What this task involves:
Take the lines from the one with "障害があってもなくても、幼児" through the end of the material below and repeat them exactly, dropping every picture.

Collected data:
+ + + + +

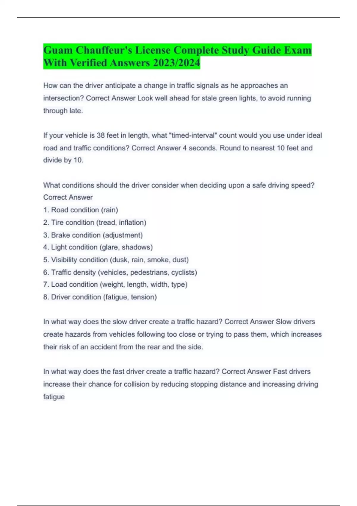 In what way does the fast driver create a traffic hazard? Correct Answer Fast drivers increase their chance for collision by reducing stopping distance and increasing driving fatigue What is the minimum following distance the driver of a commercial vehicle maintains when following another commercial vehicle outside of a business or residential district? Correct Answer 200 feet, 2 second rule, take car length to the nearest ten feet and divide by 10, 1 car length per 10 mph
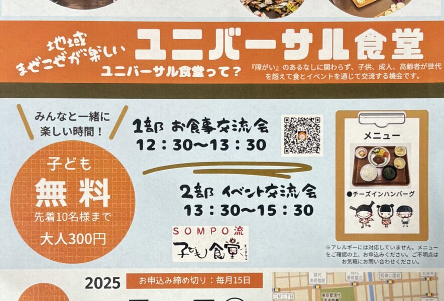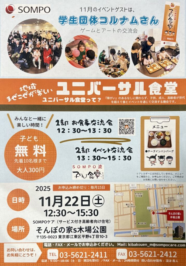 障害があってもなくても、幼児から高齢者まで誰でも大歓迎「ユニバーサル食堂」が毎月第四土曜日(次回11月22日)そんぽの家S木場公園(江東区平野4-10-3)で開催中。イベントは学生団体コルナムさんによるゲームとアートの交流会です。
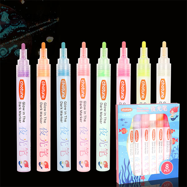 Chotune Glow in the Dark Marker. Luminous ink, high viscosity, low odor. Nib design for easy portability. Painting three-dimensional fashion, the effect is obvious in the luminous environment. Suitable for model, DIY creation and other color painting use. We also have chotune brand stocking to better serve our distributors. You can replace the nib yourself. For more information parameters about the Glow in the Dark Marker, you can contact us.

+ + + + +

Solution for this exercise:
 障害があってもなくても、幼児から高齢者まで誰でも大歓迎「ユニバーサル食堂」が毎月第四土曜日(次回11月22日)そんぽの家S木場公園(江東区平野4-10-3)で開催中。イベントは学生団体コルナムさんによるゲームとアートの交流会です。
 Chotune Glow in the Dark Marker. Luminous ink, high viscosity, low odor. Nib design for easy portability. Painting three-dimensional fashion, the effect is obvious in the luminous environment. Suitable for model, DIY creation and other color painting use. We also have chotune brand stocking to better serve our distributors. You can replace the nib yourself. For more information parameters about the Glow in the Dark Marker, you can contact us.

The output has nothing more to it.